Nel provvedimento che il Garante per la protezione dei dati personali aveva adottato nei confronti di ChatGPT a marzo 2023 lo stesso aveva evidenziato alcune problematiche, tra cui assumono rilevanza particolare quella dell’assenza di un’idonea base giuridica per il trattamento dei dati personali a scopo di addestramento del modello e il mancato rispetto del principio di esattezza dei dati di cui all’art. 5 del GDPR, dato che in alcuni casi i modelli generativi forniscono output con informazioni inesatte su persone specifiche.

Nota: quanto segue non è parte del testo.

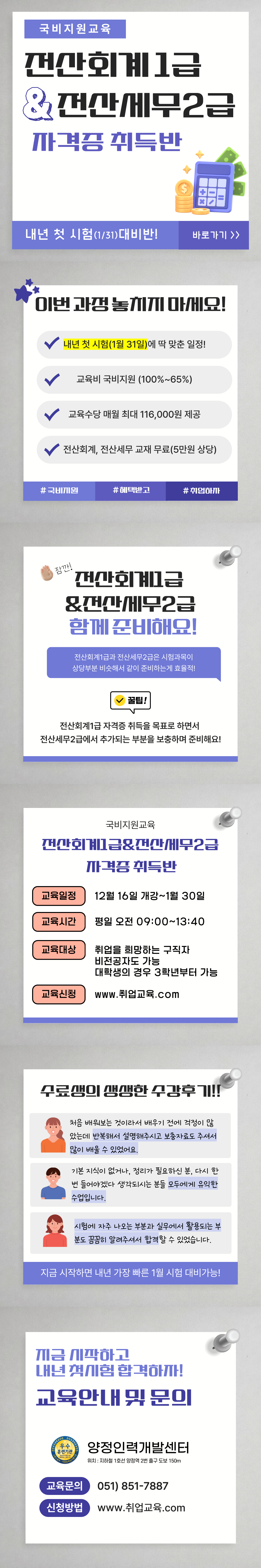 📢 회계사무원 양성(전산회계&전산세무 자격증 취득)
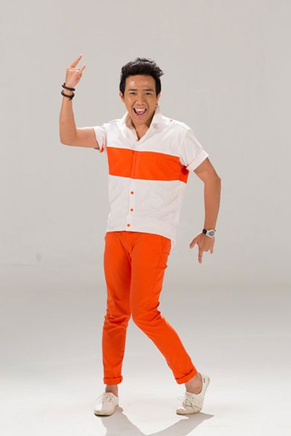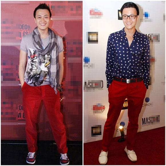 | MC Trấn Thành cũng từng thử nghiệm phong cách màu mè nhưng có phần nền nã hơn, anh luôn kết hợp quần màu sắc cùng sơ mi trắng để tránh phản cảm và rối mắt. |

Il tema ha assunto rilevanza in Europa, e l’European Data Protection Board ha costituito una task force al proprio interno proprio al fine di affrontarlo in maniera adeguata.
Sicuramente in Unione Europea è stata sin dall’origine sottolineata la delicatezza e l’importanza dei dati nell’addestramento di tali sistemi, soprattutto cercando di incentivare la creazione di banche dati pubbliche europee (si veda il Data Governance Act) eliminando così il gap che esiste in Europa circa la disponibilità di informazioni da utilizzare per addestrare sistemi di intelligenza artificiale.
Rendere disponibili tali dati ai soggetti privati che implementano soluzioni di intelligenza artificiale incentiverebbe tali attività, dato che i sistemi di machine learning devono processare ingenti quantitativi di informazioni per poter essere opportunamente istruiti. Però rendere accessibili pubblicamente tali dati, senza opportune misure e cautele, potrebbe avere delle conseguenze negative sulle persone. Si pensi ai dati sanitari, che potrebbero essere utilizzati per sviluppare sistemi di intelligenza artificiale in campo medico per la prevenzione delle malattie (già oggi realizzati), ma al contempo utilizzati per altre finalità, ad esempio per negare l’accesso a posti di lavoro o per negare coperture assicurative.
Siamo convinti che l’Europa potrà assumere un ruolo importante nel settore dell’intelligenza artificiale se rimarrà fedele ai principi etici ed umanistici su cui si fonda, fornendo l’esempio di come la tecnologia debba porsi al servizio delle persone, in un’ottica, si ripete, “umano-centrica”.